• DATA SEGMENT
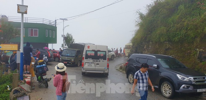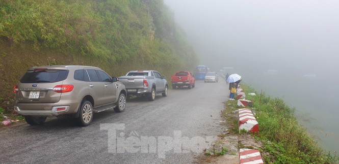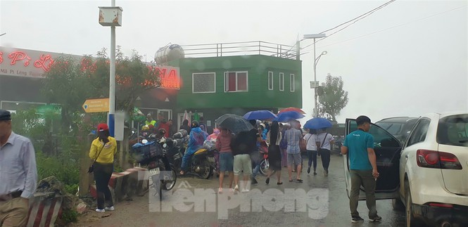 Ngày 13/10, từ sáng sớm, trên đèo Mã Pì Lèng (đoạn qua công trình trái phép Panorama) kẹt cứng xe, người chen chân "check in" công trình vi phạm này.
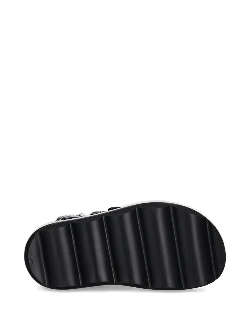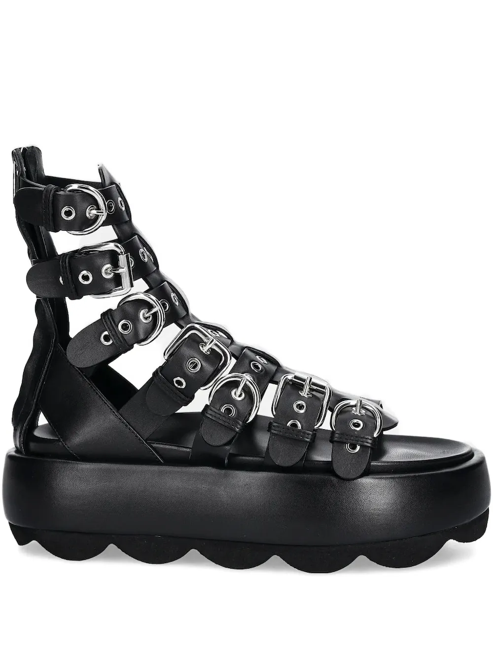 Черная платформа, множество ремешков с пряжками, люверсы, застежка-молния.
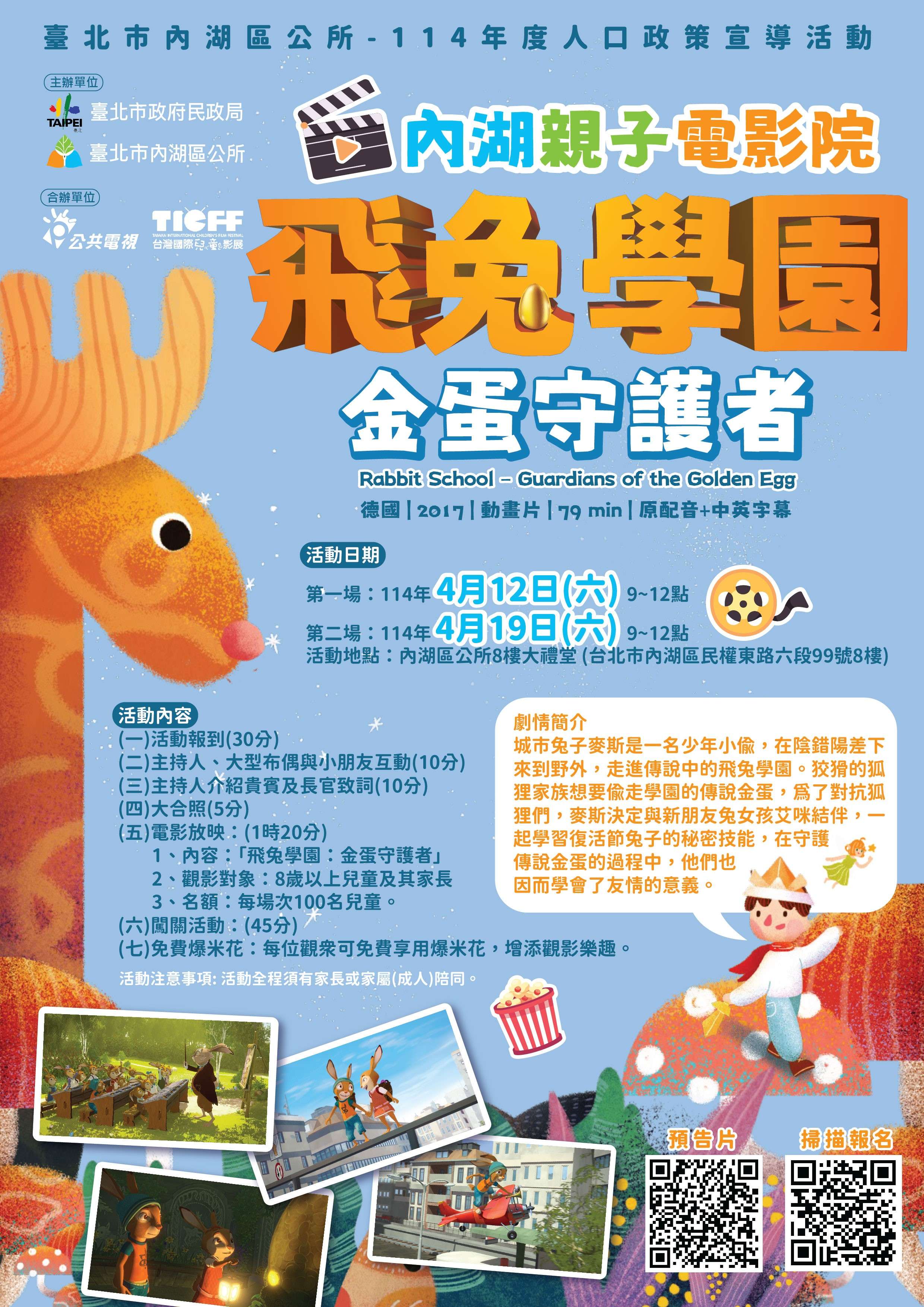 內湖親子電影院將於114年4月12日及4月19 日舉辦,

• EXERCISE PROMPT
Give the data above again, exactly, with every picture removed.

• WRITTEN RESPONSE
 Ngày 13/10, từ sáng sớm, trên đèo Mã Pì Lèng (đoạn qua công trình trái phép Panorama) kẹt cứng xe, người chen chân "check in" công trình vi phạm này.
 Черная платформа, множество ремешков с пряжками, люверсы, застежка-молния.
 內湖親子電影院將於114年4月12日及4月19 日舉辦,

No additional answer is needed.